Pakistan man pleads guilty in $40 million diploma mill fraud in US
The accused and his co-conspirators made false representations to consumers to trick them into enrolling in purported colleges and high schools, and issued fake diplomas.world Updated: Apr 11, 2017 10:02 IST
A 31-year old Pakistani man has pleaded guilty for his role in a $140 million school and college “diploma mill” fraud run through a Pakistani company that was shut down by the country’s law enforcement.
Umair Hamid of Karachi pleaded guilty before US district Judge Ronnie Abrams on Monday for conspiring to commit wire fraud in connection with the international diploma mill scheme that collected tens of millions of dollars from thousands of customers. The charge carries a maximum sentence of 20 years in prison and Hamid will be sentenced in July.
He was arrested last December for his role in the scheme.
As alleged in the indictment, Hamid and his co-conspirators made false representations to consumers on websites and over the phone to trick them into enrolling in purported colleges and high schools, and issued fake diplomas upon receipt of upfront fees from consumers.
“Operating from Pakistan, Hamid helped fraudulently rake in millions of dollars from unwitting American consumers who paid to enroll in, and get degrees from, high schools and colleges that did not exist. As a result of his fraud, people who thought they were investing in an education received nothing more than worthless diplomas and a harsh lesson in the worldwide reach of deceit,” acting US attorney Joon Kim said.
Hamid, using the aliases “Shah Khan” and the “Shah”, and others operated a massive education “diploma mill” through the Pakistani company Axact, which described itself as one of the world’s leading information technology providers.

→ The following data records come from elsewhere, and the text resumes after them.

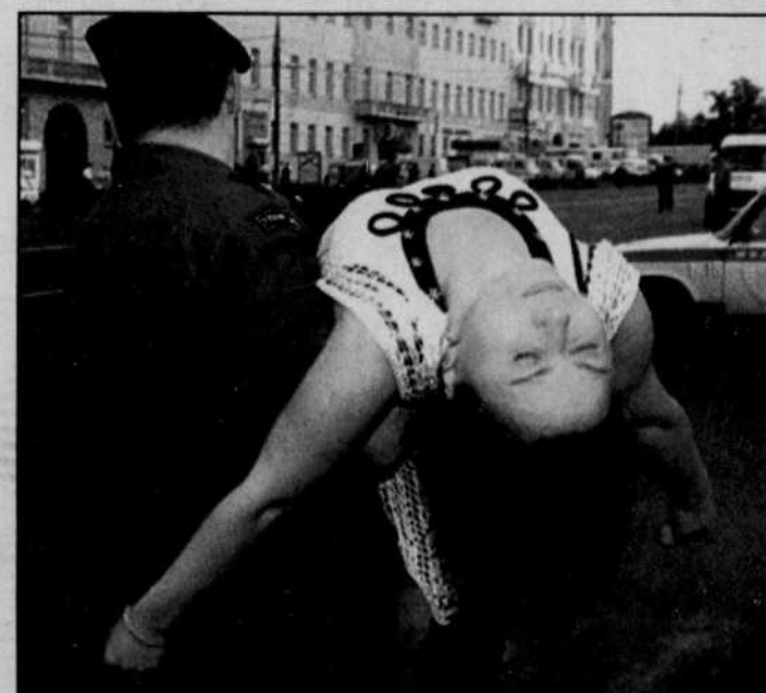
L'«attentat» a fait au moins huit morts et de nombreux blessés.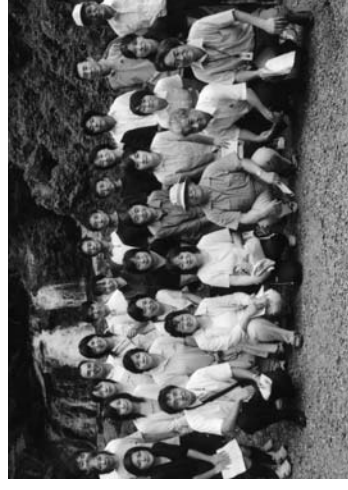
江竜田の滝の前で集合した参加者

村内の小中学校全教員を対象とした基礎学力向上実技研修会は八月十九日、村公民館で開かれ、三十名の先生が参加しました。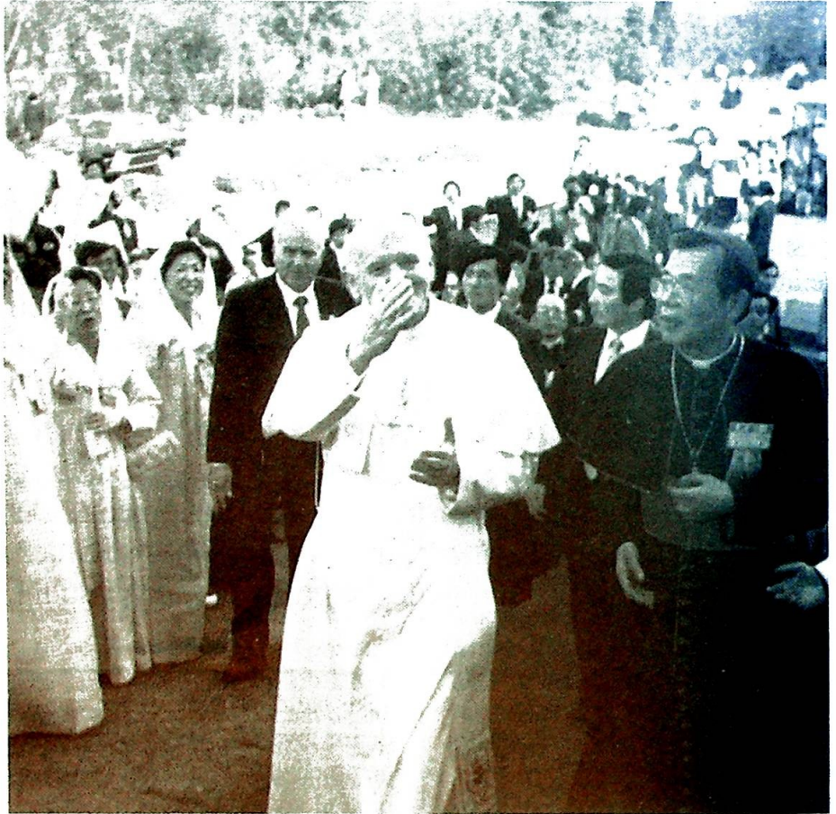
Paven og kardinal Kim under pavens besøk i Korea i 1984.

politikken.» Han minnet om at Det annet Vatikankonsil understreket Kirkens frihet til å felle moralske dommer i saker som har med politikk å gjøre. «Å gjøre det er ingen utidig innblanding i saker som ikke angår Kirken.» Men han oppfordret biskopene til å «forkaste og unngå vold og hat i Chile . . . Kirken støtter seg til sin egen arv av tro . . . som er mer enn sterk nok til å omdanne alt i Kristi ånd.» ORIGINS

Hamid served as Axact’s assistant vice-president of International Relations and made misrepresentations to individuals across the world, including throughout the US and in New York, in order to dupe these individuals into enrolling in supposed high schools, colleges, and other educational institutions.
Consumers paid upfront fees to Hamid and his co-conspirators, believing that in return they would be enrolled in real educational courses and, eventually, receive legitimate degrees. Instead, after paying the upfront fees, consumers did not receive any legitimate instruction and were provided fake and worthless diplomas.

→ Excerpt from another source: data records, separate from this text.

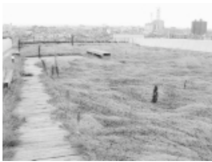
写真-4. 平成12年8月15日北棟東ブロック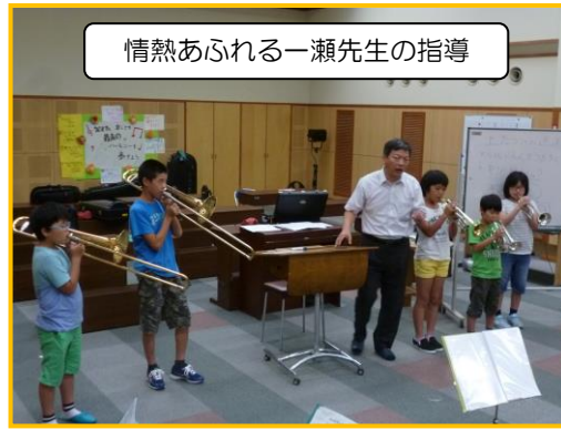
情熱あふれる一瀬先生の指導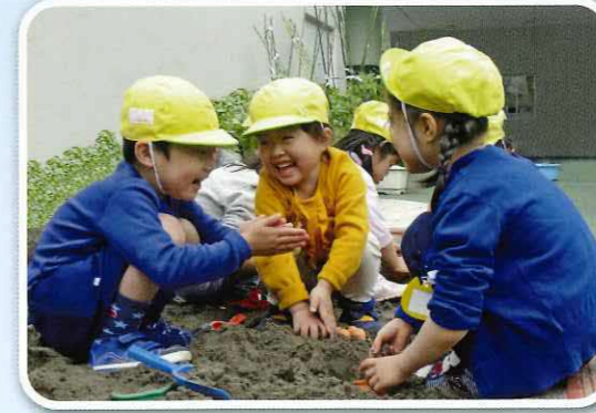
「楽しいね」「面白いね」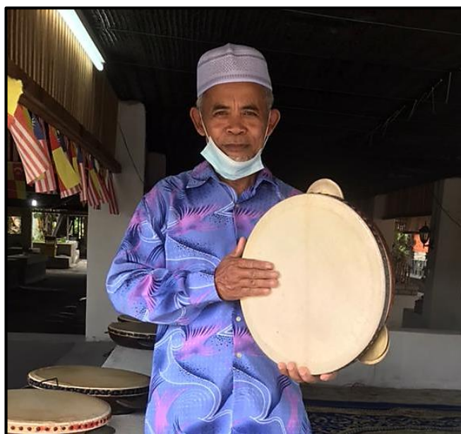
Gambar 2: Contoh teknik memegang Kompang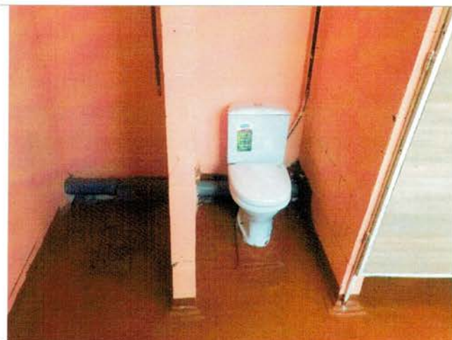
Фото №32 – Санитарно-гигиенические помещения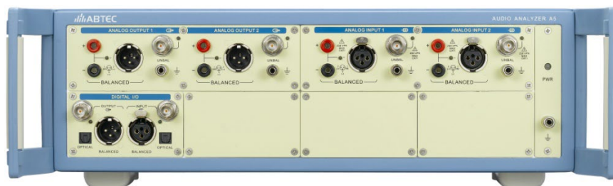
图表 7 音频分析仪 A5

北京度纬科技有限公司销售的 A5 音频分析仪，是一款具备高性能、多接口类型、多测试功能于一体的专业音频分析仪。支持一系列测试插件拓展，支持各种数字音频接口（BT/I 2 S/HDMI/PDM 等），是消费类音频和汽车电子等音视频产品研发阶段的首选测试设备。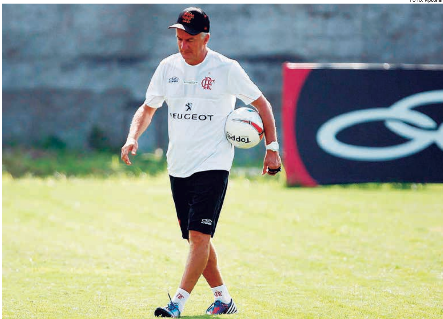
Pressão sob Dorival Júnior aumentou com os dois últimos resultados negativos da equipe, que perdeu para Botafogo e Resende

“Vamos continuar trabalhando de uma forma tranquila e consciente. Quando estávamos ganhando os jogos seguidos, vocês (jornalistas) não me viram tranquilo e relaxado. Estava atento, ciente de que muita coisa tinha que ser melhorada. E vocês colocavam a evolução do Flamengo, o favoritismo ao longo da competição. Para mim era um fato normal. Nunca aceitei a situação de favorito e não coloquei que estava satisfeito com o rendimento normal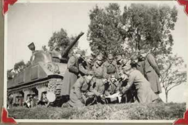
The 8. Panzer Army

Axact promoted and claimed to have an affiliation with approximately 350 fictitious high schools and universities, which Axact advertised online to consumers as genuine schools.
During certain time periods since 2014, Axact received approximately 5,000 phone calls per day from individuals seeking to purchase Axact products or enroll in educational institutions supposedly affiliated with Axact.

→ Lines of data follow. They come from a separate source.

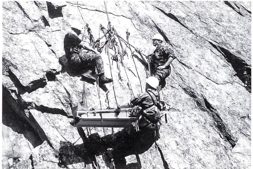
Rettung aus der Felswand.

Die Reform «Armee 95» hat die ZGKS stark aufgewertet, wurde sie doch für die Durchführung die Unteroffiziersschule und die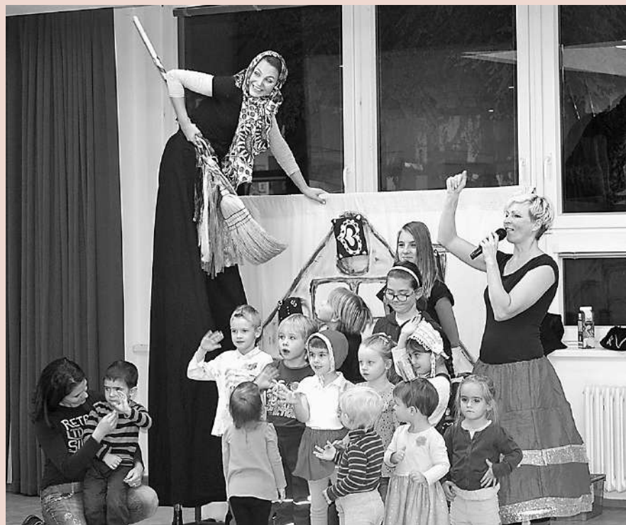
Pohádkový rej s divadlem Kejkle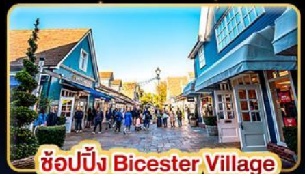
ช้อปปิ้ง Bicester Village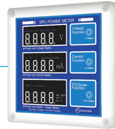
SPD Power Meter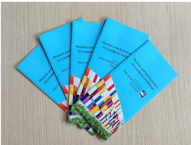
Das neue Museumsfaltblatt.

Im Februar veröffentlichte die Kulturstelle ein vollkommen überarbeitetes und neugestaltetes Faltblatt rund um die Museen, Gedenkstätten und Sammlungen im Landkreis Haßberge. Insgesamt 19 Museen, Sammlungen und Dokumentationszentren sind in der Broschüre vertreten und zeugen von der bunten kulturellen Vielfalt im Landkreis. Dazu zählen Heimatmuseen, Spezielsammlungen und Gedenkorte wie die Synagogen Memmelsdorf und Gleusdorf. Das neue Museumsfaltblatt bietet eine Übersicht über Themen, Ansprechpartner und Öffnungszeiten der Landkreis-Museen und liegt sowohl in den Museen direkt, als auch bei den Gemeinden und an weiteren öffentlichen Standorten aus.

Once a consumer paid for a school certificate or diploma that falsely reflected a completed course of study, Axact sales agents were trained to use sales techniques to persuade the consumer to purchase additional “accreditation” or “certifications” for such certificates or diplomas in order to make them appear more legitimate.
Axact, through Hamid and his co-conspirators, falsely “accredited” purported colleges and other educational institutions by arranging to have diplomas from these phony educational institutions affixed with fake stamps supposedly bearing the seal and signature of the US Secretary of State, as well as various state agencies and federal and state officials.
Hamid controlled websites of purported “schools” that falsely represented that consumers who “enrolled” with the schools by paying tuition fees would receive online instruction and coursework, sold bogus academic “accreditations” in exchange for additional fees and falsely represented that the schools had been certified or accredited by various educational organisations.
As a further part of the scheme, Hamid and a co-conspirator opened bank accounts in the US in the names of shell entities that received funds transferred by consumers in exchange for fake diplomas.
In May 2015, Axact was shut down by Pakistani law enforcement, and certain individuals associated with Axact were prosecuted in Pakistan.
However after May 2015, Hamid resumed his fraudulent business of selling fake diplomas to consumers in the US for upfront fees based upon false and fraudulent representations.
Most recently, Hamid traveled to the US in 2016 in order to open a bank account used to collect money from defrauded consumers.